» WORK TO COMPLETE
Leaving out all pictures, write out word for word the lines from the one containing "Small square post" to the end of the data below.
BEGIN DATA
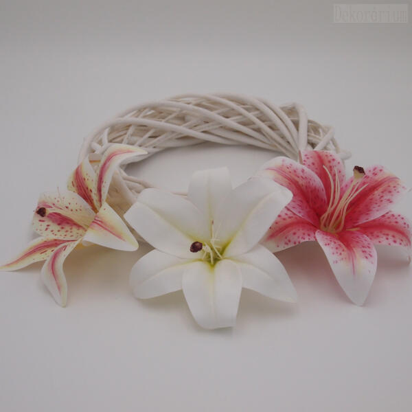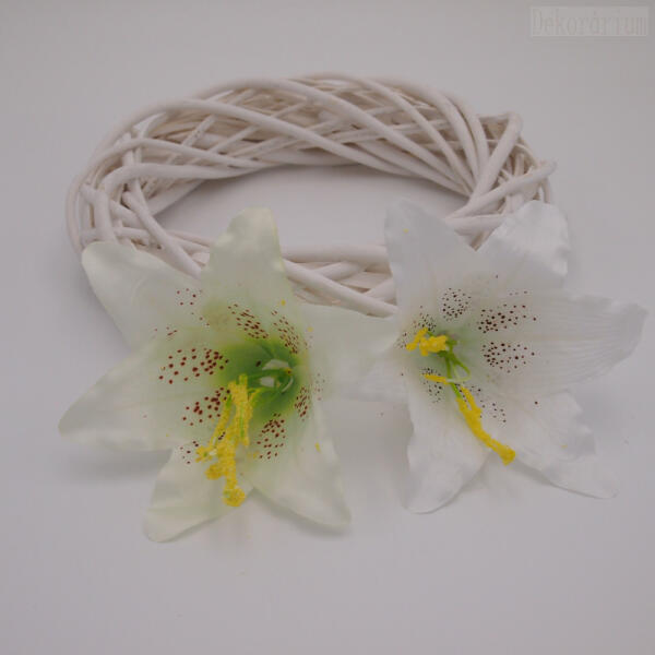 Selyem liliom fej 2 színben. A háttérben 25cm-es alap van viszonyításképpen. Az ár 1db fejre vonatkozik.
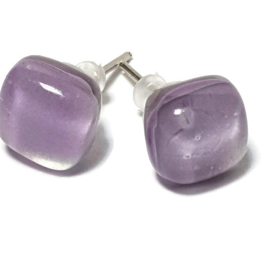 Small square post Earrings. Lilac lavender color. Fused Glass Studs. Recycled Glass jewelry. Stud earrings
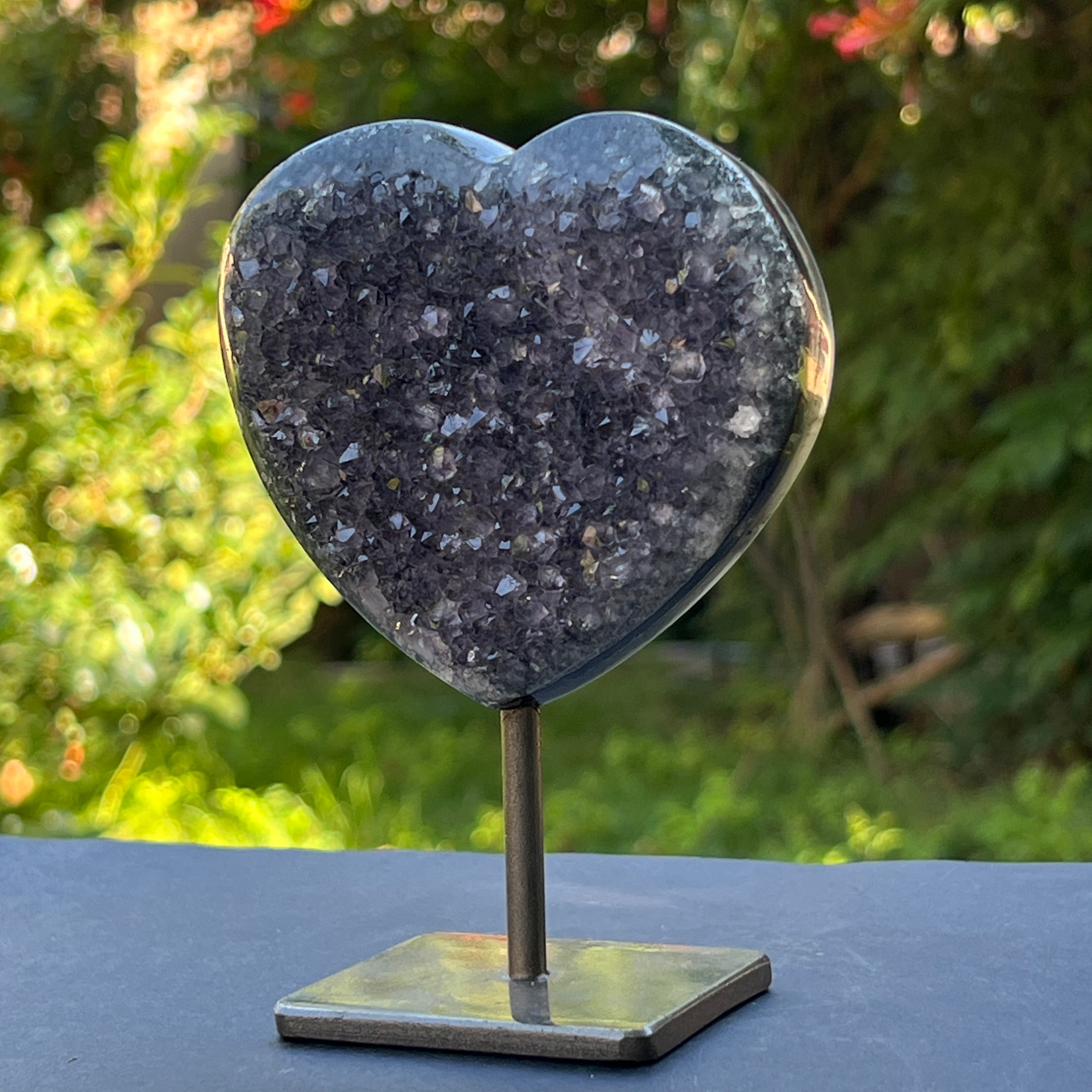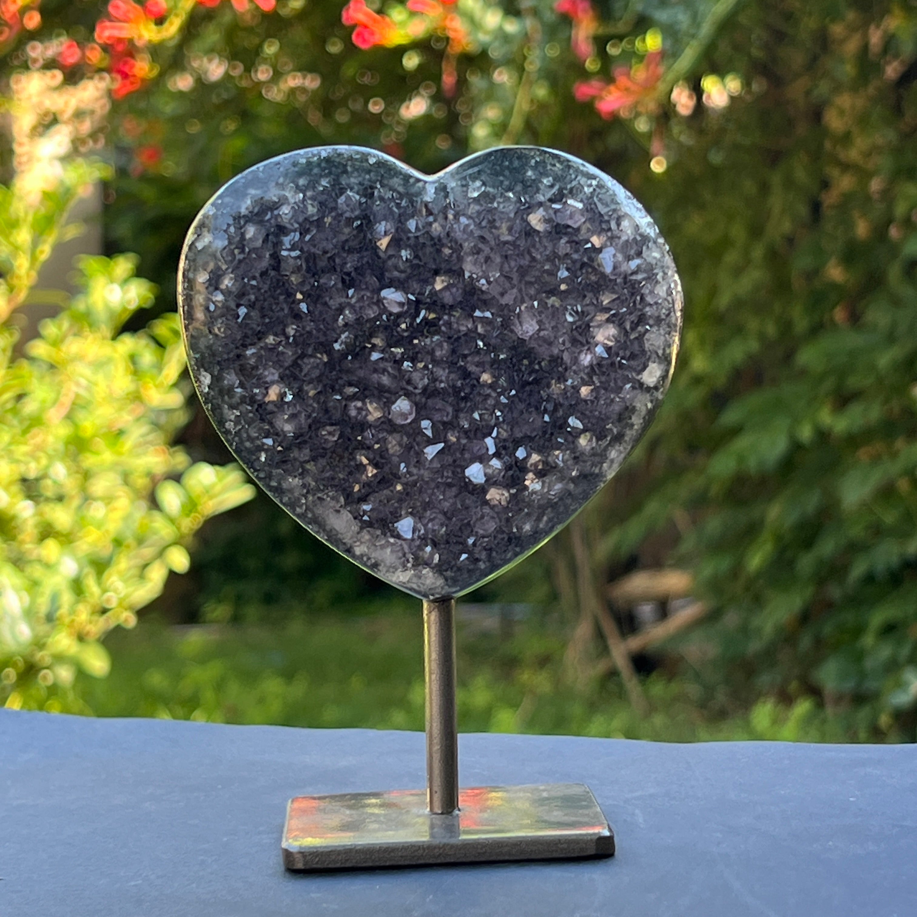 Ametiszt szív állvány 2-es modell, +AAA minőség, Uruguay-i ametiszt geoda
END DATA
» ANSWER SECTION
 Small square post Earrings. Lilac lavender color. Fused Glass Studs. Recycled Glass jewelry. Stud earrings
 Ametiszt szív állvány 2-es modell, +AAA minőség, Uruguay-i ametiszt geoda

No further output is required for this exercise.